Die Reisenden stehen mit leeren Gesichtern in den Gängen, krallen sich irgendwo fest und hoffen darauf, dass die Fahrt schnell vorübergeht. Einige lenken sich mit einem Buch ab oder lassen sich von ihrem iPod berieseln. Es ist heiß, die Luft ist verbraucht. Die Klimaanlage arbeitet nur in den Abteilen, nicht in den Räumen dazwischen. Kaum jemand unterhält sich. Die meisten haben sich mit der Situation abgefunden. Zu oft haben sie das erlebt, als dass sie sich darüber noch aufregen könnten.

Martin Wolter erzählt, er habe es schon erlebt, dass Leute auf dem Bahnsteig zurückbleiben mussten, weil der Zug überfüllt war. "Warum hängt die Bahn nicht einfach einen Waggon an?", fragt der 22-jährige Bundeswehr-Zeitsoldat. Er ist in Hagenow Land zugestiegen und muss in Büchen wieder aussteigen, um über Lübeck an seinen Standort Oldenburg in Holstein zu kommen.

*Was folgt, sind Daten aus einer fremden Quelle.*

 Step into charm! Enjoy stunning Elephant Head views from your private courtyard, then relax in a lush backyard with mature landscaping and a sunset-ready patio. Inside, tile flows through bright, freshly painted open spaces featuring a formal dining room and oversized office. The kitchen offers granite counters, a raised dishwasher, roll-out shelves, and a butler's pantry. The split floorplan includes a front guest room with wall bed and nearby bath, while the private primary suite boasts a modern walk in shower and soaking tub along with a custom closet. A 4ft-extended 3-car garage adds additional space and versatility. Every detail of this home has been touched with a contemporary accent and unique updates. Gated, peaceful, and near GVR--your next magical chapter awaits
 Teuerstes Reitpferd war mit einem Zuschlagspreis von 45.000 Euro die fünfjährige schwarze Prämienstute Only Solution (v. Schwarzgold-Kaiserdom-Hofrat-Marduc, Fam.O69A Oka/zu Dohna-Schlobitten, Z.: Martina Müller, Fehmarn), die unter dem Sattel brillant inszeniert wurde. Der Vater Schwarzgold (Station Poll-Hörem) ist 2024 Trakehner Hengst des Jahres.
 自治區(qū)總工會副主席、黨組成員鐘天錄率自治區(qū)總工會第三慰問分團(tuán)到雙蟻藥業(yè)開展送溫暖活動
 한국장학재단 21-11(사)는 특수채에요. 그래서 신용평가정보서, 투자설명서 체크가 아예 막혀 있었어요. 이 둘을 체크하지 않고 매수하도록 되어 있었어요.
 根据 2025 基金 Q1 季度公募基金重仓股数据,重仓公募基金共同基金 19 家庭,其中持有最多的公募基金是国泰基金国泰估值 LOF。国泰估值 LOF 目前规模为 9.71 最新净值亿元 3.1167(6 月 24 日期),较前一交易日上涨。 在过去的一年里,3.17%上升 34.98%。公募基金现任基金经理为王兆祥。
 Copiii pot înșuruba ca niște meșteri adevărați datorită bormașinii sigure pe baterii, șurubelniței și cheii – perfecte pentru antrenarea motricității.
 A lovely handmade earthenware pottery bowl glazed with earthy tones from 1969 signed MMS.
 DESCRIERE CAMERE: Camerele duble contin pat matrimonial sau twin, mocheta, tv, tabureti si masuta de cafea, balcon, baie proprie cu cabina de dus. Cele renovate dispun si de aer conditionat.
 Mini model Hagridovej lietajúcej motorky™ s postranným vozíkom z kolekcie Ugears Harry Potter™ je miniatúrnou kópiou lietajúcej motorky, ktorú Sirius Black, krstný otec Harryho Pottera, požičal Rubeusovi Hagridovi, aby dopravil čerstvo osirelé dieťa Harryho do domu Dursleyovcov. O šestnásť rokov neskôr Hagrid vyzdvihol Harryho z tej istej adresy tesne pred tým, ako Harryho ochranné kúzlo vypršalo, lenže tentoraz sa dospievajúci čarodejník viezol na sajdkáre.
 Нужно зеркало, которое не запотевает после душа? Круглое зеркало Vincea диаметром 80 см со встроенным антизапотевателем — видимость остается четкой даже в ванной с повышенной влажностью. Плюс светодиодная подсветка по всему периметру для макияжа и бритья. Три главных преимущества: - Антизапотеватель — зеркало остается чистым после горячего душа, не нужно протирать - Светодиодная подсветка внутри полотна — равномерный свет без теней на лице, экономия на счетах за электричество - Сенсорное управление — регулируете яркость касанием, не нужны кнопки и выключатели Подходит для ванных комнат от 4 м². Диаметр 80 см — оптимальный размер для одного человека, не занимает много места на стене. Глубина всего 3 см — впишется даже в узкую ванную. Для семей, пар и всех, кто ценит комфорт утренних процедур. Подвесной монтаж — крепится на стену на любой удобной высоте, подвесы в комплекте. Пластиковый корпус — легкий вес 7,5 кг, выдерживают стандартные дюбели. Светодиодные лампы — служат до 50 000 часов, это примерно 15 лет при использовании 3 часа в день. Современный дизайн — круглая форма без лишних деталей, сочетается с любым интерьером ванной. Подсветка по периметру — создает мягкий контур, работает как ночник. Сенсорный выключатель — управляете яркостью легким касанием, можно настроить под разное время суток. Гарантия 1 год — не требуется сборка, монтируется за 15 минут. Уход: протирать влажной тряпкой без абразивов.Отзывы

Auf seine Frage ist das Unternehmen vorbereitet. "Kein Zug soll länger sein als der kürzeste Bahnsteig auf der gesamten Strecke, damit Reisende in Kleinbahnhöfen nicht auf dem Schotter aussteigen", heißt es auf der Internetseite der Bahn. Und weiter: "Fernzüge auf viel genutzten Strecken haben meist ohnehin schon maximale Länge. Dann helfen nur Entlastungszüge. Zum einen ist die Anzahl dieser Züge begrenzt. Zum anderen lassen die Kapazitäten von Strecken und Bahnhöfen solche Züge oft nicht zu. Das Netz der Bahn ist das am dichtesten befahrene der Welt. Auf manchen Strecken sind die Verbindungen schon so eng vertaktet, dass gar kein weiterer Zug mehr zusätzlich fahren kann." Klingt technokratisch, aber plausibel. Und doch macht es die Fahrt im RE 33014 nicht erträglicher.

Immerhin hat die Bahn auf sogenannte Fans, die gern mal grölend und angetrunken zu Fußballspielen fahren, reagiert und die Meute kurzerhand in die letzten beiden Wagen verbannt. Das schont die Nerven der anderen Fahrgäste. Noch hat die Bundesliga Sommerpause, andere Massenveranstaltungen stehen an diesem Wochenende auch nicht an. Großveranstaltungen bedeuten Lärm, Aggressionen und Stress. Das wissen auch Lisa Wünsch, Anja Waterstradt und Jacqueline Hacker. Am nächsten Wochenende ist die "Force Attack" angesetzt, eine Punkerparty. "Da bleiben wir in Hamburg", beschließen die drei.

Dann steigen sie aus. Der Regionalexpress eins hat den Hamburger Hauptbahnhof erreicht, zuverlässige 20 Minuten zu spät.